⟨

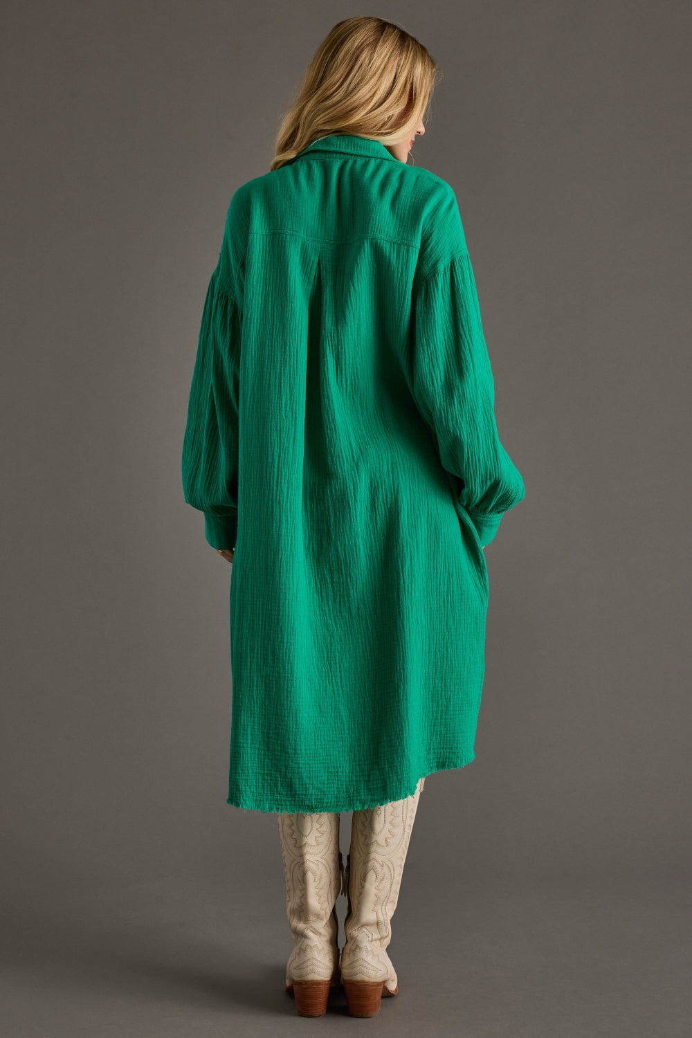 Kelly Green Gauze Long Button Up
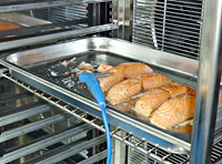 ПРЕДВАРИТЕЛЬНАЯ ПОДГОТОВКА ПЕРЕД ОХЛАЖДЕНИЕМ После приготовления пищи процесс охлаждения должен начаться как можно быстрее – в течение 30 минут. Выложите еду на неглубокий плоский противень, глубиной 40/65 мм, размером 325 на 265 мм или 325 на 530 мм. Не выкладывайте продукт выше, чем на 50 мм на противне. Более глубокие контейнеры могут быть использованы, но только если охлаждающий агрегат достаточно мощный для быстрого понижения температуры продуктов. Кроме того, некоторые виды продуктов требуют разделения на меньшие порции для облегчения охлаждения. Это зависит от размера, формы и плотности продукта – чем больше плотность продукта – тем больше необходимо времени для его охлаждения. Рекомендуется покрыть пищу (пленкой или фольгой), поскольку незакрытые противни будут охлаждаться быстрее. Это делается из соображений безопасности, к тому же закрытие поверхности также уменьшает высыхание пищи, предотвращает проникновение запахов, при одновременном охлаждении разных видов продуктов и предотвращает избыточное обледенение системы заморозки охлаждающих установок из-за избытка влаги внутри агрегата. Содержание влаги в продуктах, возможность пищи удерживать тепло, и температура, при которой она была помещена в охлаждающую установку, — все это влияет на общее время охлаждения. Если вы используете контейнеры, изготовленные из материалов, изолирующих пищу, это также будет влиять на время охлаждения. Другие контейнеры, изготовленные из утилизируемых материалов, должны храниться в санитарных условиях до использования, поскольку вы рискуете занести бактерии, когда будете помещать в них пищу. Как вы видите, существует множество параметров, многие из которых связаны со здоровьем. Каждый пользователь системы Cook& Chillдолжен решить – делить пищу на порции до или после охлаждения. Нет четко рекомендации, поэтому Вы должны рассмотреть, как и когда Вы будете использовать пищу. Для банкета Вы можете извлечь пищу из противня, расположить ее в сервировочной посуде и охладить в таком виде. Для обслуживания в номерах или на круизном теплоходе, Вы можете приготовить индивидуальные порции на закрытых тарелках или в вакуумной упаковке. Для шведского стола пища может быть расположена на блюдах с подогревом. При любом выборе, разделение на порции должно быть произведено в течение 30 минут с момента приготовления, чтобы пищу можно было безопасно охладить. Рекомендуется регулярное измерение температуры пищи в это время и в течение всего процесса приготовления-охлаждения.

⟩
⟨

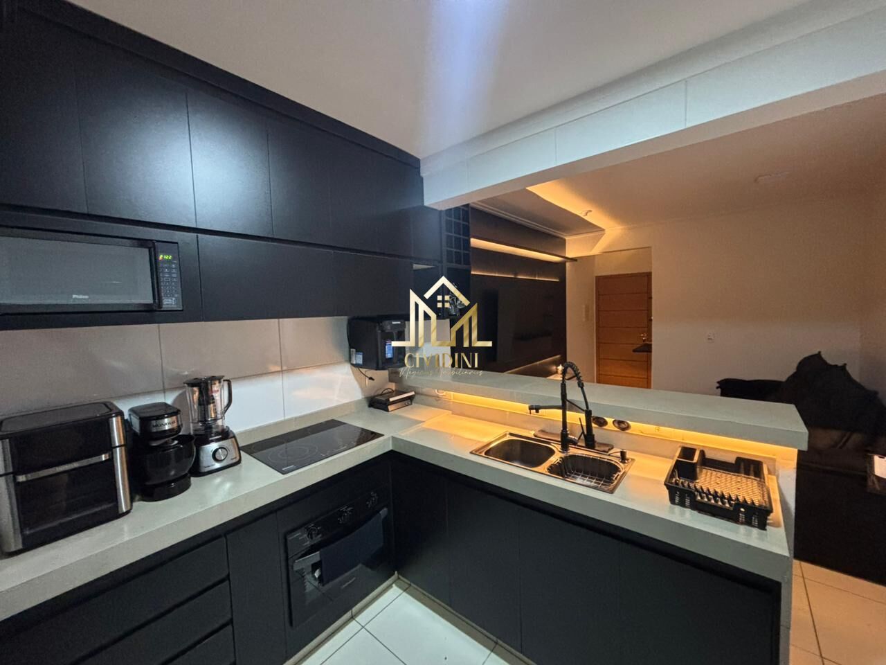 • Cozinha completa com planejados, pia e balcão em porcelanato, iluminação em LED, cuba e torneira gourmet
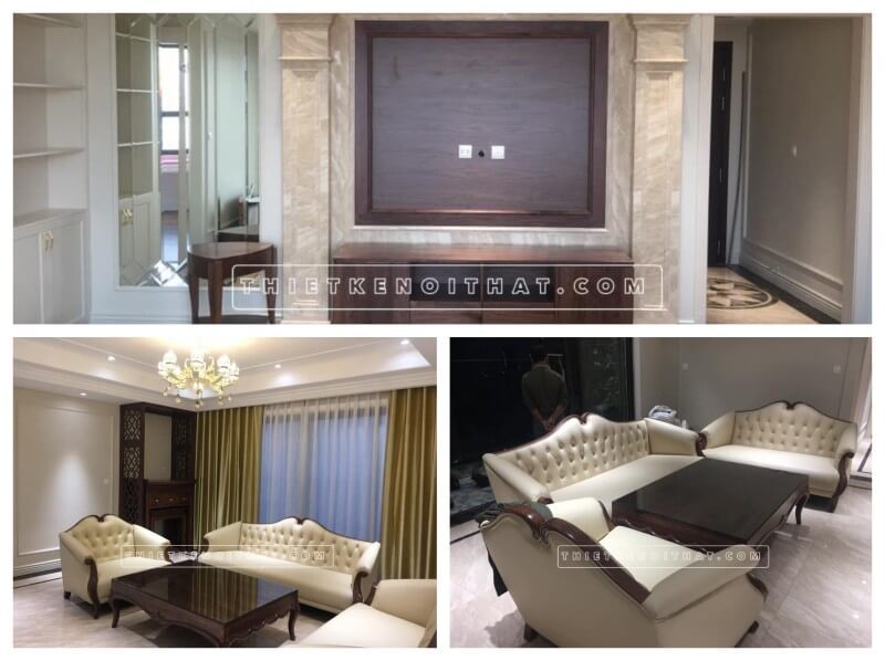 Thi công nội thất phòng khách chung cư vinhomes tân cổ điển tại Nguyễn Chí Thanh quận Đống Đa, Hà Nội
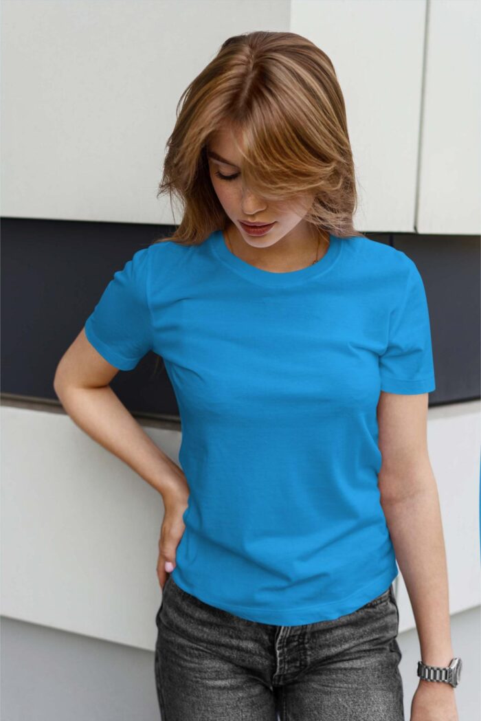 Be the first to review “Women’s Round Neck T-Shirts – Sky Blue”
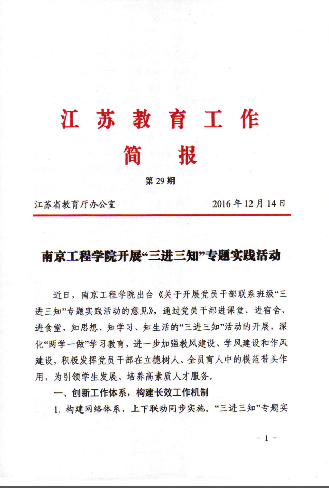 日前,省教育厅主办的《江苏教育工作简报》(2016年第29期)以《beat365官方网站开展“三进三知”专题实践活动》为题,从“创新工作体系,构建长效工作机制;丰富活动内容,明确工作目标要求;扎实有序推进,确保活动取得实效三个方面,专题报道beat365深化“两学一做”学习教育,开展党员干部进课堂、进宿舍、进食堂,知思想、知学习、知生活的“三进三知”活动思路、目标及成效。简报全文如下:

⟩

§ Exercise prompt: Only one stretch of the data is wanted: write out exactly the lines from the one holding "Be the first" through the one holding "日前,省教育厅主办的《江苏教", both included, without the pictures.

§ Task result:
 Be the first to review “Women’s Round Neck T-Shirts – Sky Blue”
 日前,省教育厅主办的《江苏教育工作简报》(2016年第29期)以《beat365官方网站开展“三进三知”专题实践活动》为题,从“创新工作体系,构建长效工作机制;丰富活动内容,明确工作目标要求;扎实有序推进,确保活动取得实效三个方面,专题报道beat365深化“两学一做”学习教育,开展党员干部进课堂、进宿舍、进食堂,知思想、知学习、知生活的“三进三知”活动思路、目标及成效。简报全文如下:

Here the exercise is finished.